This led on to discussion of various time-series models used in econometrics: ARMA, ARIMA, SARIMA models all try to take account of patterns of serial correlation in time series. Explicit use of such models, which involves choosing suitable values for a set of hyperparameters, leads to adequate, but not sensational, forecasts.
In order to train a model with a time series, one can construct instances that are consecutive subsequences, and give them targets that are subsequences one step ahead of the one that constitutes the instance. This allows the model to have some memory, although not a very long one.
We skipped quickly over much of Géron's treatment of the data from Chicago, but instead talked about how these methods could be used for economic forecasting and even weather forecasting, but it appeared that an RNN cannot cope satisfactorily with a very long series.
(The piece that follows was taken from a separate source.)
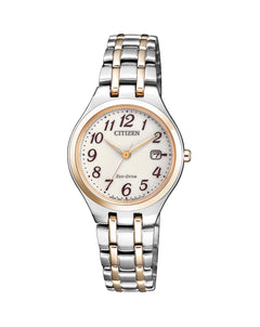 Read MorePracticality gets a stylish makeover in this gorgeous watch from the Dress Collection. With rose gold and silver dual toned band, elegant rose gold accentuated bezel and easy to read dial featuring date display, it is at once sophisticated and functional. Delivering dependability, it is crafted from resilient stainless steel with rose gold plating and uses Eco-Drive Technology to acquire power from light, making changing batteries a thing of the past.

However, we saw that two types of memory cells have been shown to extend short-term memory considerably. The first is the LSTM (long short-term memory) cell; the second is the GRU (gated recurrent unit) cell, which, although it is a simplified version of the LSTM cell, seems to work equally well. After that, we saw how a one-dimensional CNN can be combined with an RNN, and even replace it in some circumstances.
We were again stuck with version 2 of Géron's test. I think I have resolved this problem, although I, like ChatGPT, can make mistakes! We embarked on Chapter 16 on Natural Language Processing. The first sort of model considered is a char-RNN, a recurrent model which tries to predict the next character in a sequence of characters. All of Shakespeare's works can be downloaded, and used to train such a model. Formally, it is just the same as predicting one step ahead with a time series. The model can be used to generate fake text, which has some passing resemblance to Shakespearean English. A sequence, perhaps taken from one of Shakespeare's plays, is used to initialise the text to be generated. Then, starting from this sequence, one character at a time is appended. The best way to do this is to use a softmax activation on top of a dense layer that outputs a vector with one element for each admissible character, including spaces and punctuation. The probabilities thus obtained can then be combined with a temperature, where low temperatures lead to the next character being chosen as the most probable out of the full set, with the probabilities being made progressively more equal as the temperature rises.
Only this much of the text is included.